En su columna semanal en InterCambio el sociólogo Agustín Canzani analizó la campaña electoral que terminó el domingo 24 en su máxima extensión, o sea desde el inicio del mandato de este gobierno, evaluó los resultados del balotaje y proyectó el escenario político que se abrirá a partir de estos y de la conformación definitiva que adquiera la coalición del futuro gobierno.

En retrospectiva y para comprender cabalmente los acontecimientos en curso, Canzani planteó “primero” la conveniencia de “recuperar la idea de proceso electoral”, yendo con la memoria a cuando el senador blanco Luis “Lacalle arrancaba con mucha ventaja” los prolegómenos de la campaña.

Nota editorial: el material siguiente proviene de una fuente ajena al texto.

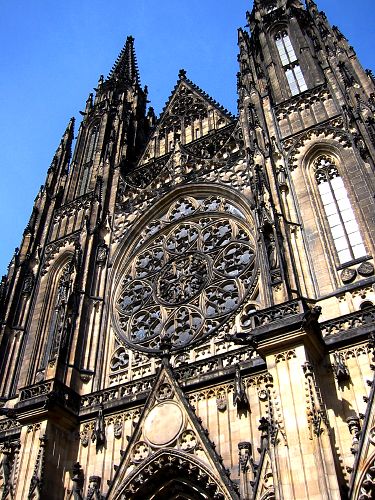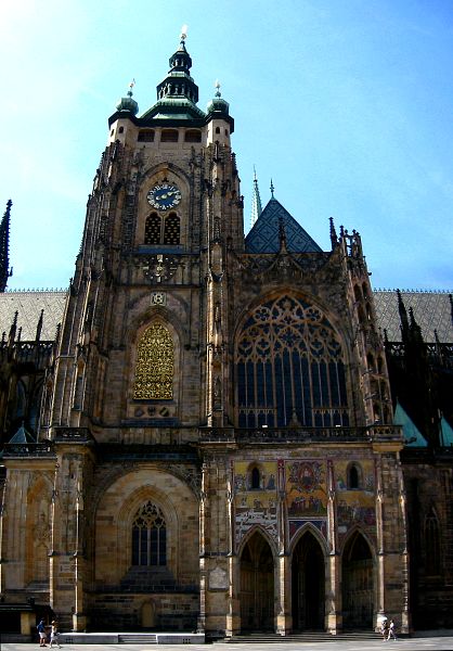 I sat down on the bench next to the building entrance with the flag over it in the picture above and tried to take pictures of the dark building on the right side of the picture above. Below is the result. This is two pictures stitched together vertically of the Great South Tower of St. Vitus's Cathedral. I couldn't get back far enough to get the whole thing in one shot. The stitching didn't go all that well. There is some barrel distortion from the camera's lens, and some things that didn't line up quite right, but you get the idea. It's big. The tower is 96 meters tall. While work on the cathedral began in the 1300's it was actually not consecrated until 1929! You'll notice that there are two clock faces. The upper one indicates the hour, and the lower one the minutes.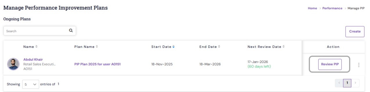 - The employee can then proceed to Review PIP, where they can provide ratings and comments for the goals assigned to them.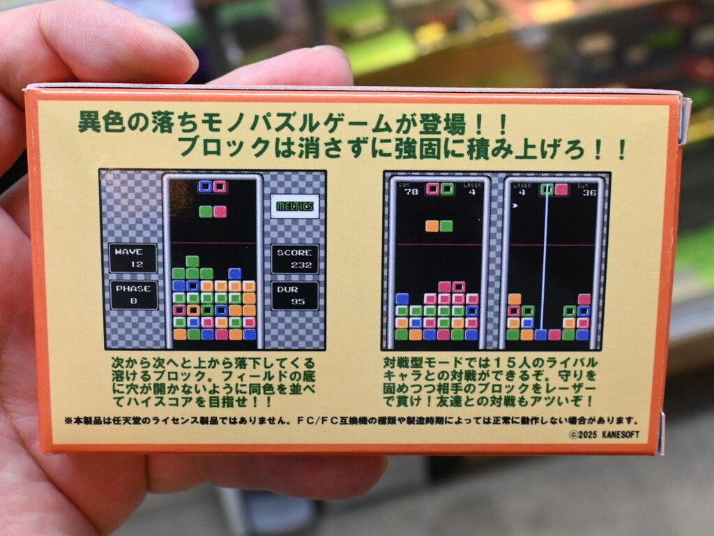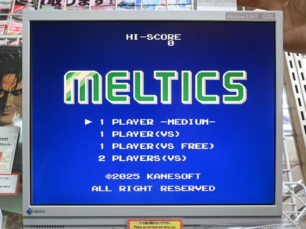ファミコンまたはその互換機でプレイできる新作落ちモノパズルゲーム「MELTICS」が発売。家電のケンちゃんにて7920円で販売されている。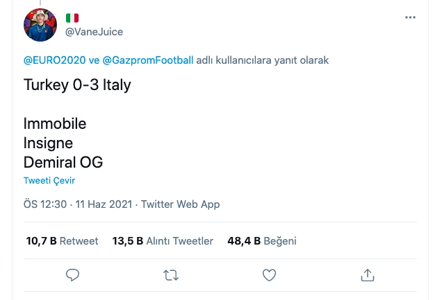 UEFA’nın yayınladığı “skor tahmini” paylaşımına bir taraftar maçtan 11 saat evvel; maçın 3-0 İtalya üstünlüğüyle tamamlanacağını yazdı. Bundan daha da değişik olanı, Merih Demiral’ın kendi kalesine gol atacağını ve öbür gollerin Immobile ve Insigne’den geleceğini de kestirimine ekledi. İtalyan taraftarın bu paylaşımını maçtan sonra binlerce kişi beğendi.

Ya desde 2015 el Partido Nacional (PN) subió mucho y el Frente Amplio (FA) bajó mucho en apoyo ciudadano e intención de voto, “sobre todo en el primer año de gobierno”. “El FA arrancó perdiendo estas elecciones” desde “el primer año” de su tercer gobierno consecutivo, resumió al respecto.

En esa prematura pérdida “algo tuvo que ver la nominación del gabinete” del Poder Ejecutivo porque ello “generó enojo”, “difirió generar nuevos liderazgos”, “dificultó la articulación política” y “transmitió” la idea de que los ministros eran “los hombres y mujeres de Tabaré” Vázquez.

En el ejercicio del gobierno efectivamente “hubo problemas de articulación” aunque esto “no tuvo que ver solo con el gobierno” sino que además incidieron “las denuncias y acusaciones contra Raúl Sendic”, generándose la idea de que “el presidente tiene un vicepresidente débil”.

En ese camino “Sendic empieza a tener muchos problemas para liderar esa articulación” en el Poder Legislativo “y un tercer efecto tiene que ver con la fuerza política”, específicamente en cuanto a “la articulación gobierno- fuerza política-bancada” y derivado de este problema, también con “la articulación” del campo oficialista “con los movimientos sociales”. Como resultante de todo ello, “la luna de miel con este gobierno duró muy poco”. A ese cuadro cada vez más difícil “se sumó un contexto de la región muy recesivo” en materia económica y también adverso en el plano político.

Y además “la oposición tuvo un gran acierto” consistente en “golpear sistemáticamente al FA en tres o cuatro temas”, especialmente en “la administración del Estado y más específicamente en las empresas públicas y en Ancap”; así como en “criticar la gestión en seguridad pública (…) y en tercer lugar, formatear la idea de un partido que no dialogaba con nadie”. “Y el FA no logró revertir” nada de esto, agregándose como factor de incidencia negativa que “termina apartando a Sendic” de la Vicepresidencia de la República “menos de un año antes” del inicio formal de la campaña.

Simultáneamente los partidos tradicionales desarrollaron “procesos internos” que los fortalecieron, como la pujanza del liderazgo “de Lacalle Pou” y la facilitación que le aportó el senador Jorge “Larrañaga”; y como el Partido Colorado (PC) activando con Julio María “Sanguinetti y Ernesto “Talvi” una “re-dinamización de su interna que fue muy importante”.

A todo eso debe añadirse, en el campo opositor, “la gran novedad de las elecciones” que fue “Cabildo Abierto” (CA), novedad “rutilante” cuya aparición “genera un escenario en el que el bloque opositor se divide pero también se fortalece” porque “agrega una oferta”, ubicada “a la derecha de los partidos tradicionales” y con “un discurso un poquito más fácil”.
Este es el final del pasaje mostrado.